_Your goal_: Nothing but an exact repeat of the data, with pictures removed, belongs in the answer.

"""

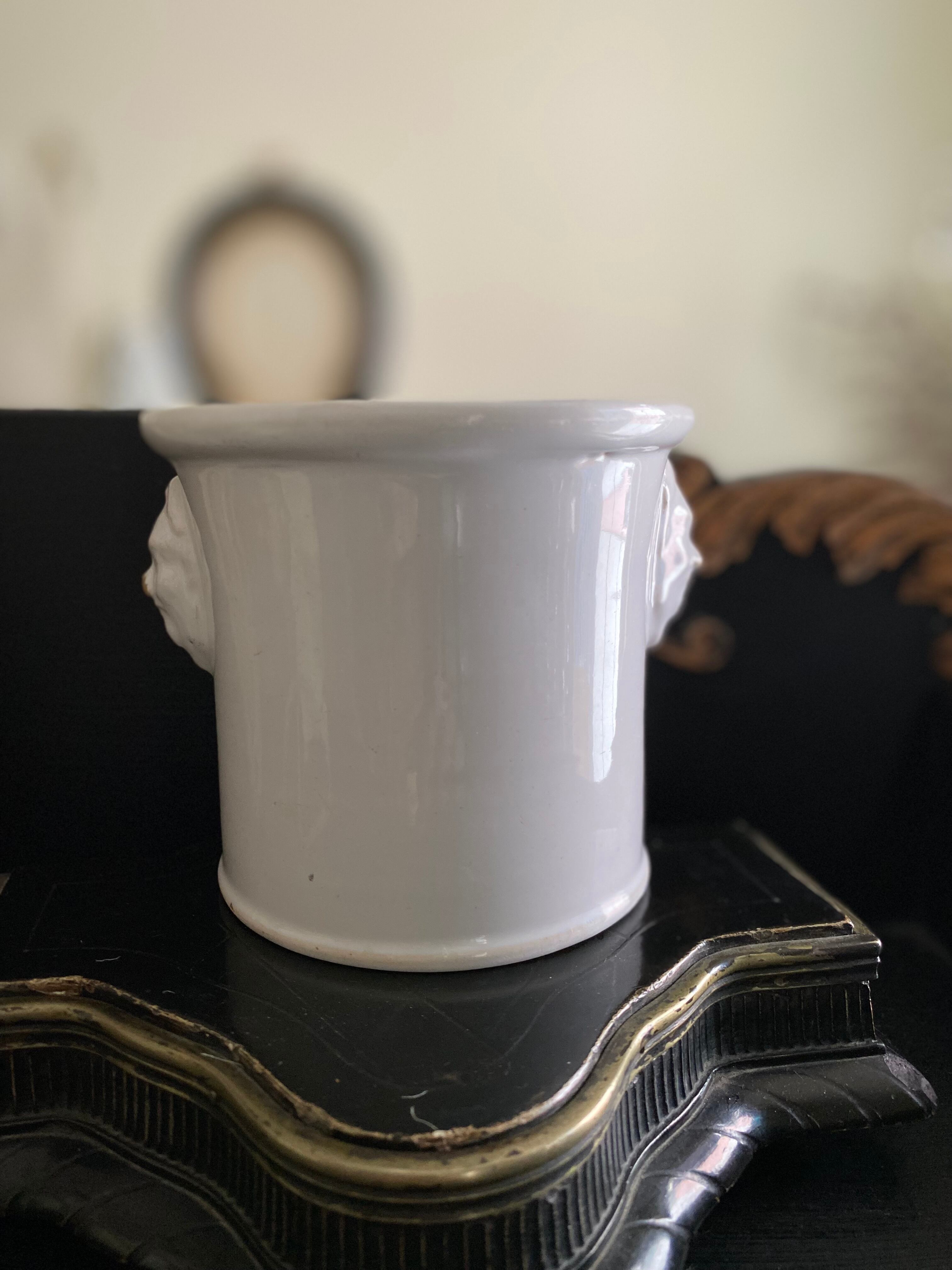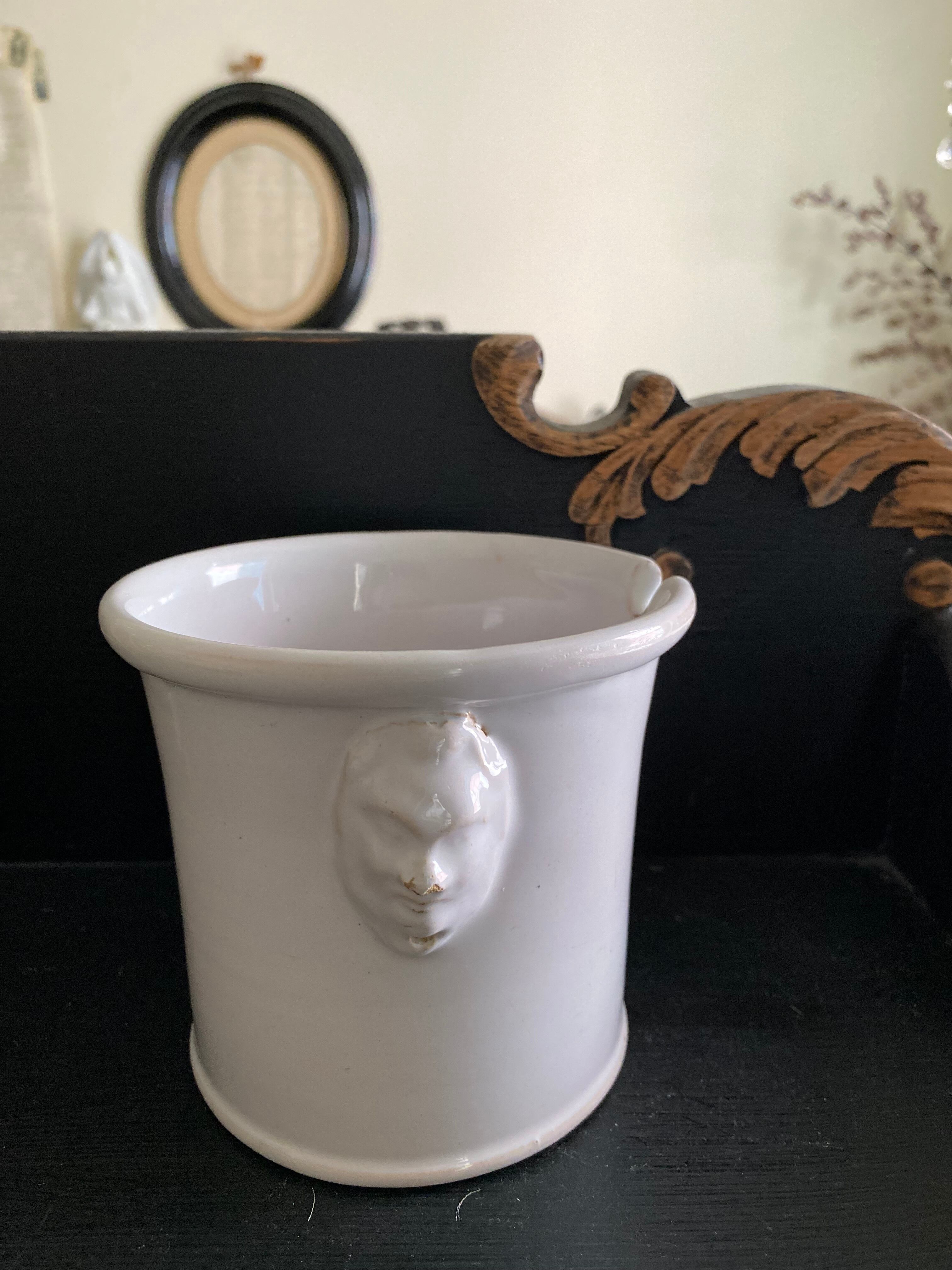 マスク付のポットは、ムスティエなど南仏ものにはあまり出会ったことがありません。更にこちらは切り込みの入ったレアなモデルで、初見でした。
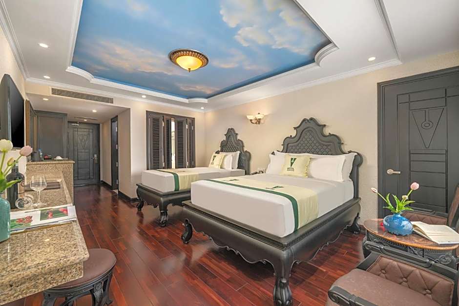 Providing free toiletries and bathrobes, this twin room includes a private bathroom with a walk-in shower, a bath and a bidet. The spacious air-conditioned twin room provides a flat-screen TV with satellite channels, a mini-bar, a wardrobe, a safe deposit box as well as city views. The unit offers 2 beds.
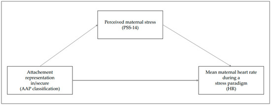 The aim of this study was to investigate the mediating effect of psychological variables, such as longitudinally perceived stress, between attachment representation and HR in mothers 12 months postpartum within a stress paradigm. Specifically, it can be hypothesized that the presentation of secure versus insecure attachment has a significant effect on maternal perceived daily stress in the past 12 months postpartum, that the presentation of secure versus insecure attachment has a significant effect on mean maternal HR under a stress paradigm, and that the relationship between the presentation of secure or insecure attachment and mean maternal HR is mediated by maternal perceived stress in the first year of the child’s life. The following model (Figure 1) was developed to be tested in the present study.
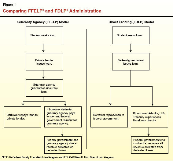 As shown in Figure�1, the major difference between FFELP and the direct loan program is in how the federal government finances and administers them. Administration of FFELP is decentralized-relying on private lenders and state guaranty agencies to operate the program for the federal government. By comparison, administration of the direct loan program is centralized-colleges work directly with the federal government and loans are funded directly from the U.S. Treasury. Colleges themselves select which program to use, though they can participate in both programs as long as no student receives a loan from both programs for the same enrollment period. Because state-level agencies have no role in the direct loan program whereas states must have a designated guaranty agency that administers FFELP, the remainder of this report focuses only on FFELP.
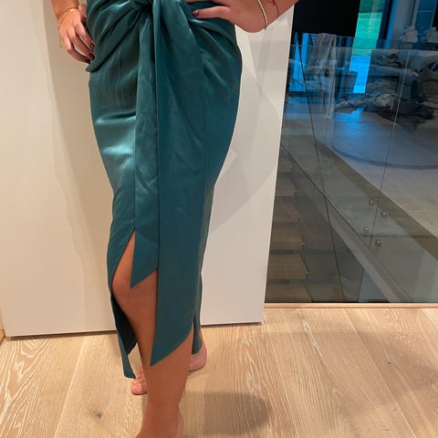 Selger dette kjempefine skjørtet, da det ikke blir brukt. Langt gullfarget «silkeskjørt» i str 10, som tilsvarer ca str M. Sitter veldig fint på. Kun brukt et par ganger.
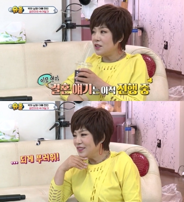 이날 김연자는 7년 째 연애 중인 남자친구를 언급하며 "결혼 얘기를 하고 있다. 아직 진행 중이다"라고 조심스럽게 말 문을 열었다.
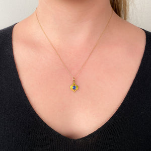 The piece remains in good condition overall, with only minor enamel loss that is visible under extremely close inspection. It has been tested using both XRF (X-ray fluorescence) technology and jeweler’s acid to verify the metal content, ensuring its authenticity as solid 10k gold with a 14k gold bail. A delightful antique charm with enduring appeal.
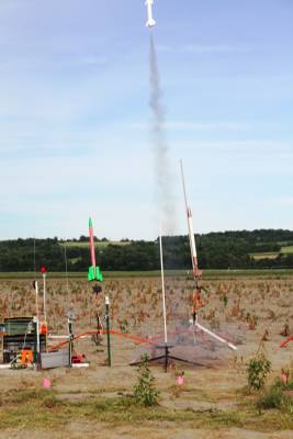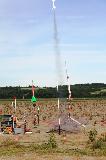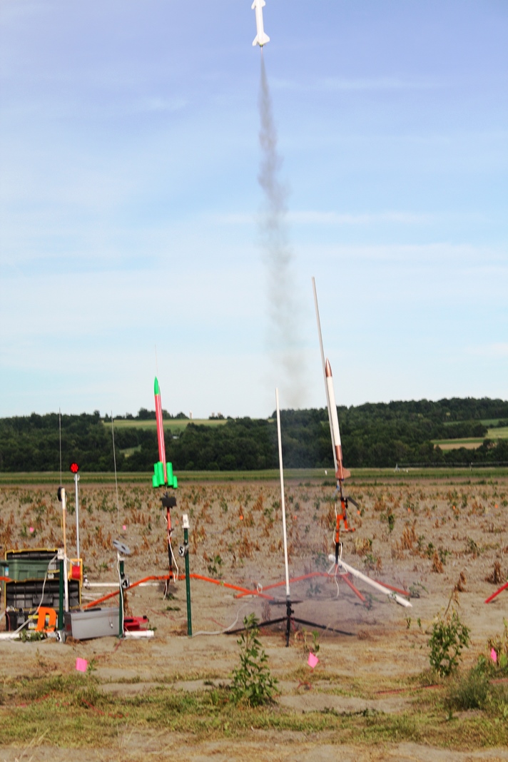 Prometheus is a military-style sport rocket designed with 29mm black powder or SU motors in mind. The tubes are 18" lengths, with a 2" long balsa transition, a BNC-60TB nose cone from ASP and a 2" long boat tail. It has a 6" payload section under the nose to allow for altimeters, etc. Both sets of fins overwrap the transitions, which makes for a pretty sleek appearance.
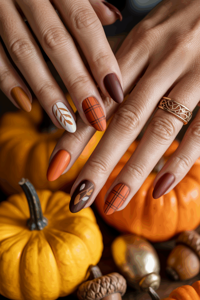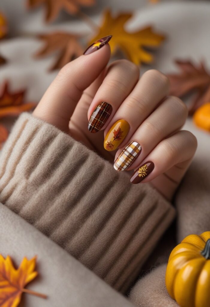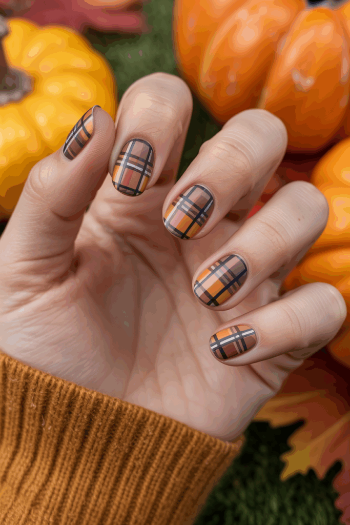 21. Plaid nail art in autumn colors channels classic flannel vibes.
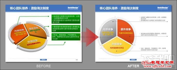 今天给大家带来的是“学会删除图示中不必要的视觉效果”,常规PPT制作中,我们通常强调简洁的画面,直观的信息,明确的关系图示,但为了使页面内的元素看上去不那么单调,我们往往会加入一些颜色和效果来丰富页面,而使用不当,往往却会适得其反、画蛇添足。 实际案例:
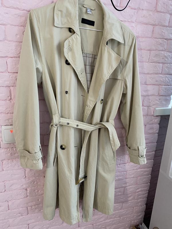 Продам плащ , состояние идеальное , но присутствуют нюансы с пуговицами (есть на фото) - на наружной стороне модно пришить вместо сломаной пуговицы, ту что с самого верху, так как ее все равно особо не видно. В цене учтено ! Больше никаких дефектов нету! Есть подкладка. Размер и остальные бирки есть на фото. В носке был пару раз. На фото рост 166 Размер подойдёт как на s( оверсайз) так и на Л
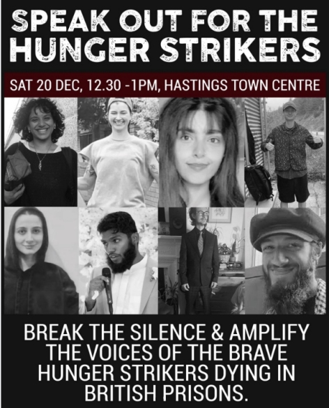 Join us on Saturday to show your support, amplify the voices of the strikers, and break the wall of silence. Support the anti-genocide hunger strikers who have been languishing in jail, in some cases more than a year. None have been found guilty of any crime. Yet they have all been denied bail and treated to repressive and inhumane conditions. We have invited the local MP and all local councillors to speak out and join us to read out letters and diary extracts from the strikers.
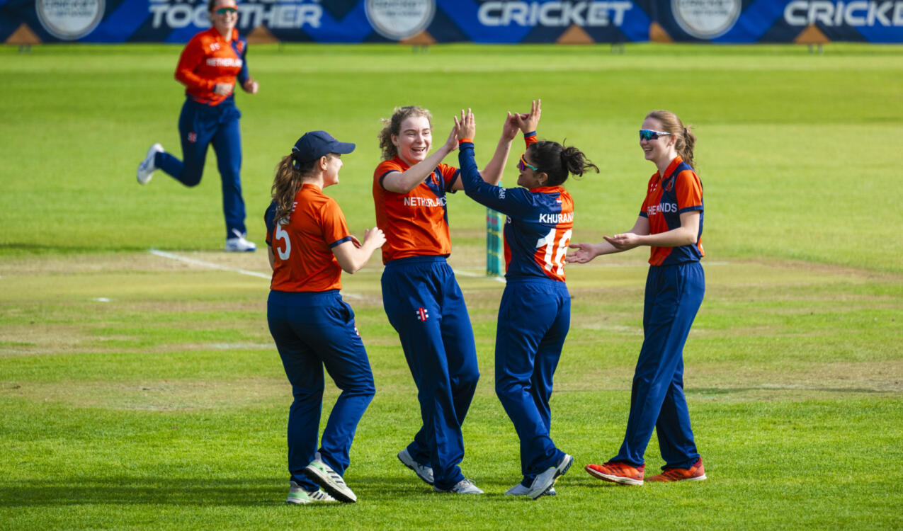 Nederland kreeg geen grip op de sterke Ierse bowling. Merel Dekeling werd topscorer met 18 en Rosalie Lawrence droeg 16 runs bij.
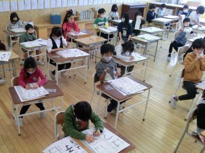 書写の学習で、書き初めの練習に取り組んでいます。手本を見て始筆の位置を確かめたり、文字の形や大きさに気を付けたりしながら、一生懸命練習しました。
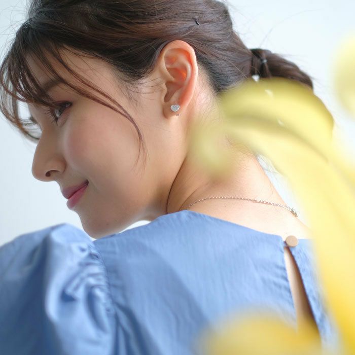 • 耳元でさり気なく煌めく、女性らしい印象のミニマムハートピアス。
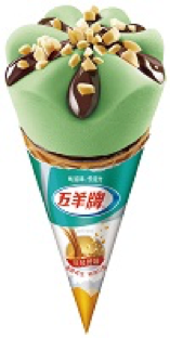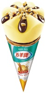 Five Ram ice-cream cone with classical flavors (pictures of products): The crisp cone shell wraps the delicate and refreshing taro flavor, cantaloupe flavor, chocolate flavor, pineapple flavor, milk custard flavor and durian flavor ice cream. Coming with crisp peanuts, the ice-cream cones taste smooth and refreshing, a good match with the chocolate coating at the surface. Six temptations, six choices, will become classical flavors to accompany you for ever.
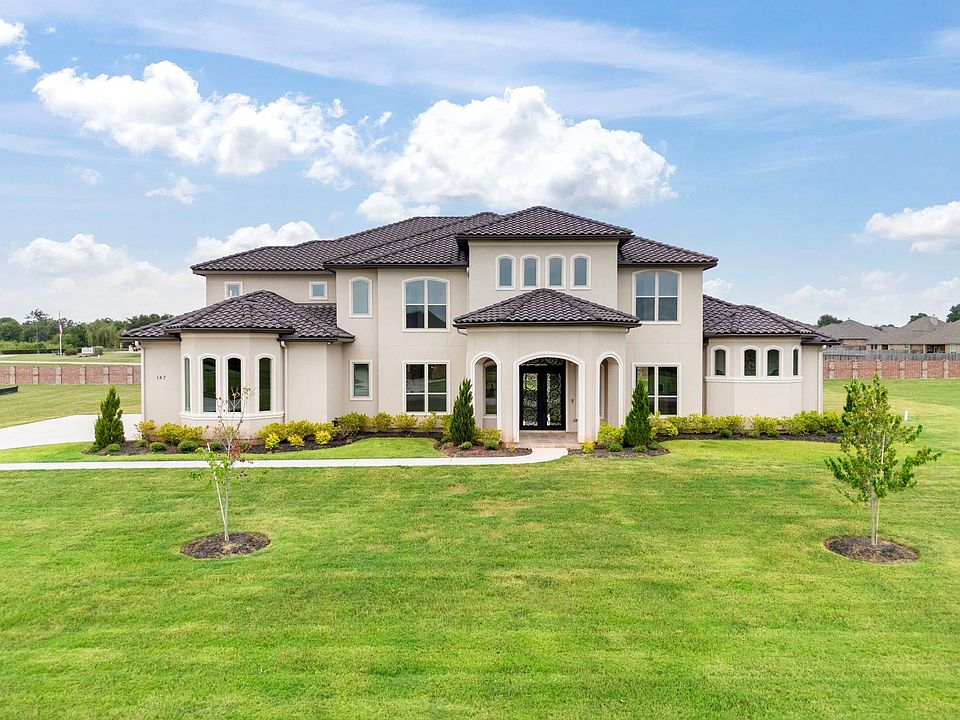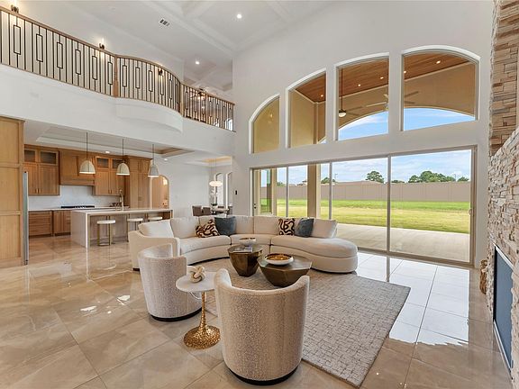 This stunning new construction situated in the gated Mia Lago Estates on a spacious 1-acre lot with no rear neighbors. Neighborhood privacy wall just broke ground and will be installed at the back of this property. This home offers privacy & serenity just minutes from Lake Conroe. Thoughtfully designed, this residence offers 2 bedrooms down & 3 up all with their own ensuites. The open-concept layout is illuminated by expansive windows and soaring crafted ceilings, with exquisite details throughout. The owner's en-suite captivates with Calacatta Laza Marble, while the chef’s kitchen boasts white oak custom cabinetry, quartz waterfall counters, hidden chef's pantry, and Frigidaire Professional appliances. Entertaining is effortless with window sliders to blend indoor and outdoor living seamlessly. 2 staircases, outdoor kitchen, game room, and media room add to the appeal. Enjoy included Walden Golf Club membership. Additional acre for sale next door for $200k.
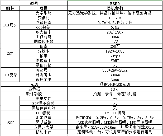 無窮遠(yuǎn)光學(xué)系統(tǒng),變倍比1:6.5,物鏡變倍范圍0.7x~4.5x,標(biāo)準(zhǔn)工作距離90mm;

"""

_Exercise solution_:
 マスク付のポットは、ムスティエなど南仏ものにはあまり出会ったことがありません。更にこちらは切り込みの入ったレアなモデルで、初見でした。
 Providing free toiletries and bathrobes, this twin room includes a private bathroom with a walk-in shower, a bath and a bidet. The spacious air-conditioned twin room provides a flat-screen TV with satellite channels, a mini-bar, a wardrobe, a safe deposit box as well as city views. The unit offers 2 beds.
 The aim of this study was to investigate the mediating effect of psychological variables, such as longitudinally perceived stress, between attachment representation and HR in mothers 12 months postpartum within a stress paradigm. Specifically, it can be hypothesized that the presentation of secure versus insecure attachment has a significant effect on maternal perceived daily stress in the past 12 months postpartum, that the presentation of secure versus insecure attachment has a significant effect on mean maternal HR under a stress paradigm, and that the relationship between the presentation of secure or insecure attachment and mean maternal HR is mediated by maternal perceived stress in the first year of the child’s life. The following model (Figure 1) was developed to be tested in the present study.
 As shown in Figure�1, the major difference between FFELP and the direct loan program is in how the federal government finances and administers them. Administration of FFELP is decentralized-relying on private lenders and state guaranty agencies to operate the program for the federal government. By comparison, administration of the direct loan program is centralized-colleges work directly with the federal government and loans are funded directly from the U.S. Treasury. Colleges themselves select which program to use, though they can participate in both programs as long as no student receives a loan from both programs for the same enrollment period. Because state-level agencies have no role in the direct loan program whereas states must have a designated guaranty agency that administers FFELP, the remainder of this report focuses only on FFELP.
 Selger dette kjempefine skjørtet, da det ikke blir brukt. Langt gullfarget «silkeskjørt» i str 10, som tilsvarer ca str M. Sitter veldig fint på. Kun brukt et par ganger.
 이날 김연자는 7년 째 연애 중인 남자친구를 언급하며 "결혼 얘기를 하고 있다. 아직 진행 중이다"라고 조심스럽게 말 문을 열었다.
 The piece remains in good condition overall, with only minor enamel loss that is visible under extremely close inspection. It has been tested using both XRF (X-ray fluorescence) technology and jeweler’s acid to verify the metal content, ensuring its authenticity as solid 10k gold with a 14k gold bail. A delightful antique charm with enduring appeal.
 Prometheus is a military-style sport rocket designed with 29mm black powder or SU motors in mind. The tubes are 18" lengths, with a 2" long balsa transition, a BNC-60TB nose cone from ASP and a 2" long boat tail. It has a 6" payload section under the nose to allow for altimeters, etc. Both sets of fins overwrap the transitions, which makes for a pretty sleek appearance.
 21. Plaid nail art in autumn colors channels classic flannel vibes.
 今天给大家带来的是“学会删除图示中不必要的视觉效果”,常规PPT制作中,我们通常强调简洁的画面,直观的信息,明确的关系图示,但为了使页面内的元素看上去不那么单调,我们往往会加入一些颜色和效果来丰富页面,而使用不当,往往却会适得其反、画蛇添足。 实际案例:
 Продам плащ , состояние идеальное , но присутствуют нюансы с пуговицами (есть на фото) - на наружной стороне модно пришить вместо сломаной пуговицы, ту что с самого верху, так как ее все равно особо не видно. В цене учтено ! Больше никаких дефектов нету! Есть подкладка. Размер и остальные бирки есть на фото. В носке был пару раз. На фото рост 166 Размер подойдёт как на s( оверсайз) так и на Л
 Join us on Saturday to show your support, amplify the voices of the strikers, and break the wall of silence. Support the anti-genocide hunger strikers who have been languishing in jail, in some cases more than a year. None have been found guilty of any crime. Yet they have all been denied bail and treated to repressive and inhumane conditions. We have invited the local MP and all local councillors to speak out and join us to read out letters and diary extracts from the strikers.
 Nederland kreeg geen grip op de sterke Ierse bowling. Merel Dekeling werd topscorer met 18 en Rosalie Lawrence droeg 16 runs bij.
 書写の学習で、書き初めの練習に取り組んでいます。手本を見て始筆の位置を確かめたり、文字の形や大きさに気を付けたりしながら、一生懸命練習しました。
 • 耳元でさり気なく煌めく、女性らしい印象のミニマムハートピアス。
 Five Ram ice-cream cone with classical flavors (pictures of products): The crisp cone shell wraps the delicate and refreshing taro flavor, cantaloupe flavor, chocolate flavor, pineapple flavor, milk custard flavor and durian flavor ice cream. Coming with crisp peanuts, the ice-cream cones taste smooth and refreshing, a good match with the chocolate coating at the surface. Six temptations, six choices, will become classical flavors to accompany you for ever.
 This stunning new construction situated in the gated Mia Lago Estates on a spacious 1-acre lot with no rear neighbors. Neighborhood privacy wall just broke ground and will be installed at the back of this property. This home offers privacy & serenity just minutes from Lake Conroe. Thoughtfully designed, this residence offers 2 bedrooms down & 3 up all with their own ensuites. The open-concept layout is illuminated by expansive windows and soaring crafted ceilings, with exquisite details throughout. The owner's en-suite captivates with Calacatta Laza Marble, while the chef’s kitchen boasts white oak custom cabinetry, quartz waterfall counters, hidden chef's pantry, and Frigidaire Professional appliances. Entertaining is effortless with window sliders to blend indoor and outdoor living seamlessly. 2 staircases, outdoor kitchen, game room, and media room add to the appeal. Enjoy included Walden Golf Club membership. Additional acre for sale next door for $200k.
 無窮遠(yuǎn)光學(xué)系統(tǒng),變倍比1:6.5,物鏡變倍范圍0.7x~4.5x,標(biāo)準(zhǔn)工作距離90mm;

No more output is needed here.